Work order: Exact reproduction is required for the lines below starting at the line with "- ✔️ free 명령어를" and ending at the line with "O interno Sandro", both included. No other lines, and no pictures.

Given entries:
>>>>>

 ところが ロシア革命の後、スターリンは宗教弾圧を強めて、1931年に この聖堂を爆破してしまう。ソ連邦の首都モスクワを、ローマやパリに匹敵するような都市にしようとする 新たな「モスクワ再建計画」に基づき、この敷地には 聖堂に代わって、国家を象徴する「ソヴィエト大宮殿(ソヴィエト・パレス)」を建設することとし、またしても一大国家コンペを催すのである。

<<<<<
>>>>>

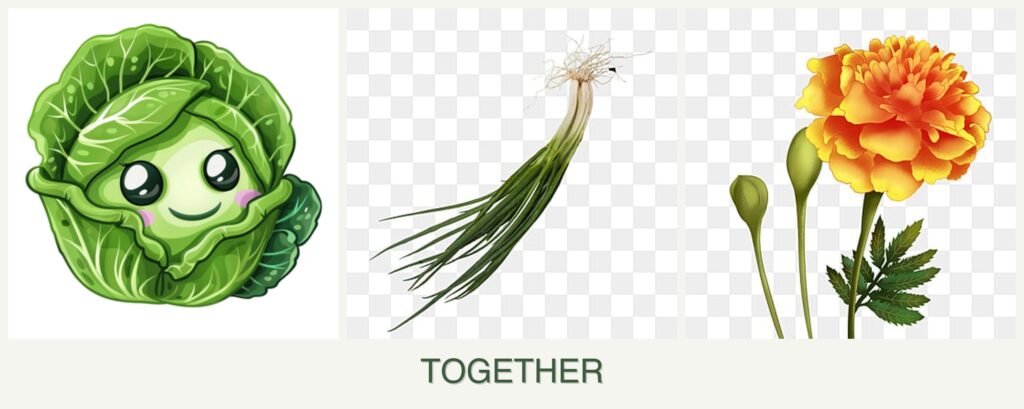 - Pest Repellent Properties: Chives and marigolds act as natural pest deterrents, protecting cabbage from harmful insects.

<<<<<
>>>>>

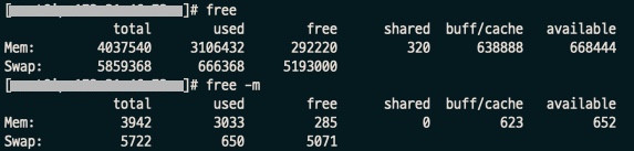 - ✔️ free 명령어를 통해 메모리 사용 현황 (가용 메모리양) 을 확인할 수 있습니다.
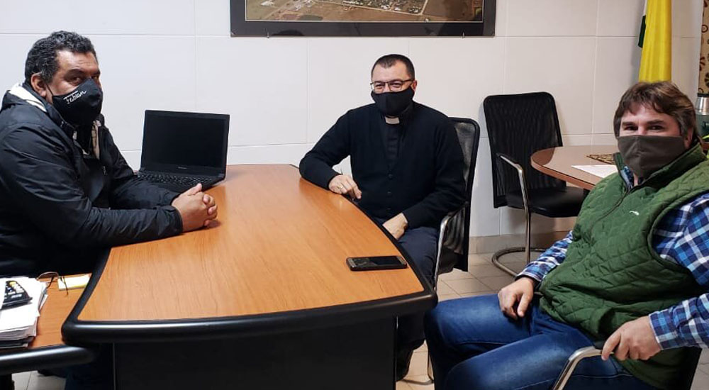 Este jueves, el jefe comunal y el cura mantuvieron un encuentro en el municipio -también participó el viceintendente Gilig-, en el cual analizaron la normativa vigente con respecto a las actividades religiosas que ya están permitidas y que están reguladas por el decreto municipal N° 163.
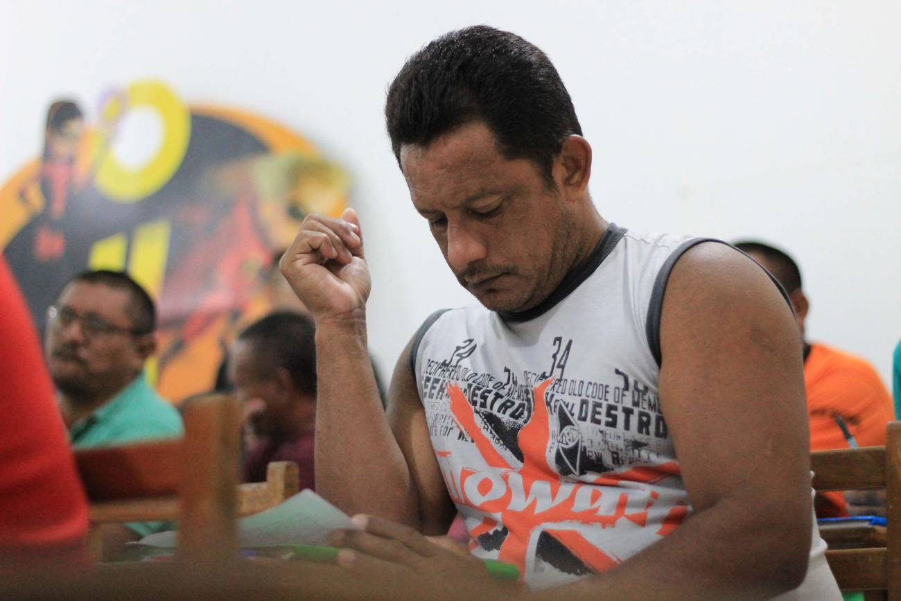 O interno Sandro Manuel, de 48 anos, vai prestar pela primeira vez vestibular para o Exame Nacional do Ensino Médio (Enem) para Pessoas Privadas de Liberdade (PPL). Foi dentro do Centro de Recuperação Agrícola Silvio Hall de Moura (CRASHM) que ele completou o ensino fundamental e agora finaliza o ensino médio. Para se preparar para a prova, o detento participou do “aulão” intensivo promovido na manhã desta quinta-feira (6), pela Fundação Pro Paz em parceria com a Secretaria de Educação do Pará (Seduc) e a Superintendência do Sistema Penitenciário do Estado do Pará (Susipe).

<<<<<

Finished task:
 - ✔️ free 명령어를 통해 메모리 사용 현황 (가용 메모리양) 을 확인할 수 있습니다.
 Este jueves, el jefe comunal y el cura mantuvieron un encuentro en el municipio -también participó el viceintendente Gilig-, en el cual analizaron la normativa vigente con respecto a las actividades religiosas que ya están permitidas y que están reguladas por el decreto municipal N° 163.
 O interno Sandro Manuel, de 48 anos, vai prestar pela primeira vez vestibular para o Exame Nacional do Ensino Médio (Enem) para Pessoas Privadas de Liberdade (PPL). Foi dentro do Centro de Recuperação Agrícola Silvio Hall de Moura (CRASHM) que ele completou o ensino fundamental e agora finaliza o ensino médio. Para se preparar para a prova, o detento participou do “aulão” intensivo promovido na manhã desta quinta-feira (6), pela Fundação Pro Paz em parceria com a Secretaria de Educação do Pará (Seduc) e a Superintendência do Sistema Penitenciário do Estado do Pará (Susipe).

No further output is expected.